In the two key scenes when Mattie and Ethan are alone together—outside the church after the dance and in the Frome house on the evening of Zeena’s absence—Wharton emphasizes that Mattie wears red. At the dance she wears a red scarf, and for the evening alone she puts a red ribbon in her hair. Red is the color of blood, ruddiness, good health, and vitality, all of which Mattie has in abundance, and all of which Zeena lacks. In the oppressive white landscape of Starkfield, red stands out, just as Mattie stands out in the oppressive landscape of Ethan’s life. Red is also the color of transgression and sin—the trademark color of the devil—especially in New England, where in Puritan times adulterers were forced to wear red A’s on their clothes (a punishment immortalized in Nathaniel Hawthorne’s The Scarlet Letter).
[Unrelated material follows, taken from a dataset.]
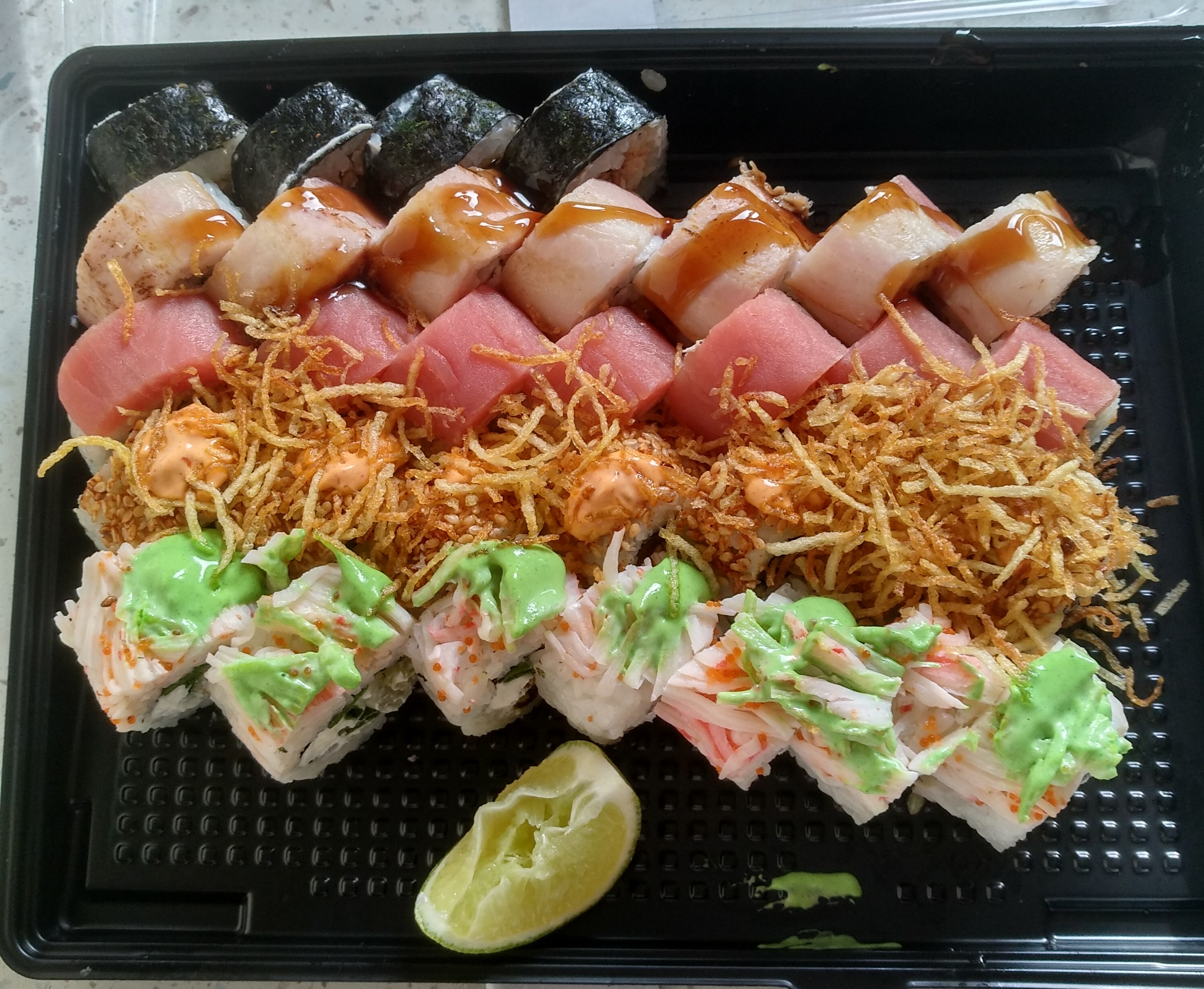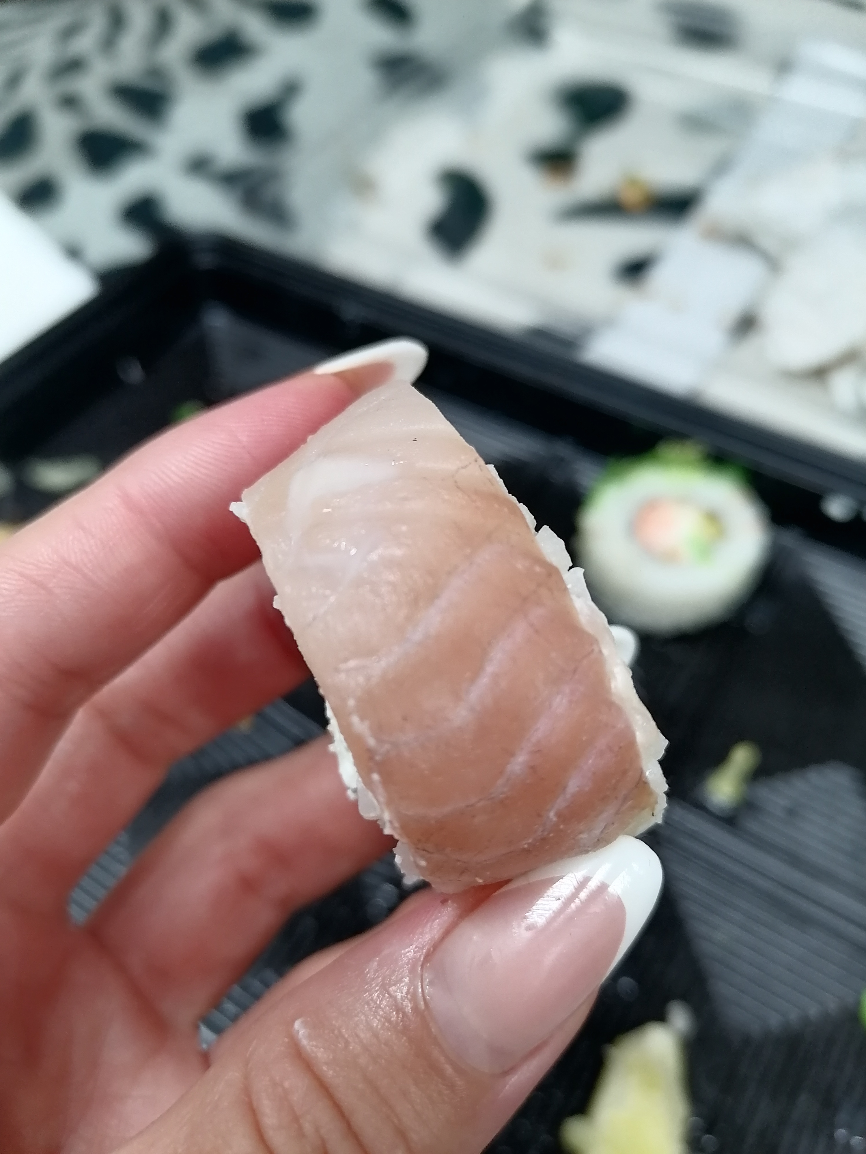 Заказали суши, с доставкой все ок, но сами суши разваливаются, рыба и вся начинка сухая, имбирь так вообще в эту баночку наверное неделю назад сложили и он в таком засохшем виде был, долька лайма с гнилой кожурой, не рекомендую

Thus, Mattie’s scarlet adornments also symbolize her role as Ethan’s temptress toward moral transgression.
During their meal alone, and the evening that follows, Ethan and Mattie share the house with the cat, which first breaks Zeena’s pickle dish and then seats itself in Zeena’s rocking chair. The animal serves as a symbol of Zeena’s tacit invisible presence in the house, as a force that comes between Mattie and Ethan, and reminds them of the wife’s existence. Meanwhile, the breaking of the dish, Zeena’s favorite wedding present, symbolizes the disintegration of the Frome marriage. Zeena’s anguish over the broken dish manifests her deeper anguish over her fractured relationship.
Normally, a sled rider forfeits a considerable amount of control and submits to the forces of gravity and friction but still maintains an ability to steer the sled; Ethan, however, forfeits this ability as well on the final sled run. His decision to coast in his final sled run symbolizes his inability to escape his dilemma through action of any kind. The decision parallels Ethan’s agreement to Mattie’s death wish, his conduct in his marriage, and his attitude toward life in general: unable to face the consequences of any decision, he lets external circumstances—other individuals, society, convention, financial constraints—make his decisions for him. Mattie’s death wish appears especially appealing to Ethan in that it entirely eliminates all consequences for both of them, forever. Just as the rider of a sled relinquishes control, so Ethan surrenders his destiny to the whims of Mattie and of fate.